#### TASK
Down to the last line, set down the material below exactly; skip the pictures.

━━━━━ GIVEN INFORMATION ━━━━━

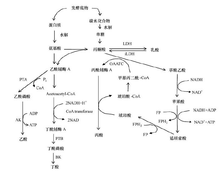 圖 2 底物發酵產酸的代謝途徑
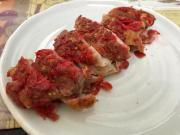 ![]() 両面を焼き、しっかり火が通ったら一口大に切る。
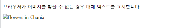 | <!DOCTYPE html> <html> <body> <p>브라우저가 이미지를 찾을 수 없는 경우 대체 텍스트를 표시합니다:</p> <img src="wrongname.gif" alt="Flowers in Chania"> </body> </html> |
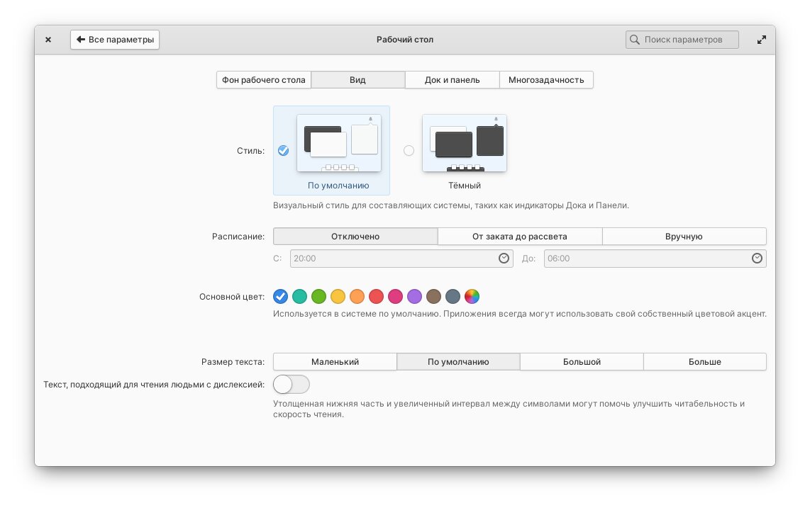 Тёмную тему можно включить в «Параметрах системы», в разделе «Рабочий стол», во вкладке «Вид». Есть возможность настройки автоматической смены темы в назначенное время или при заходе/восходе солнца.

━━━━━

#### EXERCISE RESPONSE
 圖 2 底物發酵產酸的代謝途徑
 ![]() 両面を焼き、しっかり火が通ったら一口大に切る。
 | <!DOCTYPE html> <html> <body> <p>브라우저가 이미지를 찾을 수 없는 경우 대체 텍스트를 표시합니다:</p> <img src="wrongname.gif" alt="Flowers in Chania"> </body> </html> |
 Тёмную тему можно включить в «Параметрах системы», в разделе «Рабочий стол», во вкладке «Вид». Есть возможность настройки автоматической смены темы в назначенное время или при заходе/восходе солнца.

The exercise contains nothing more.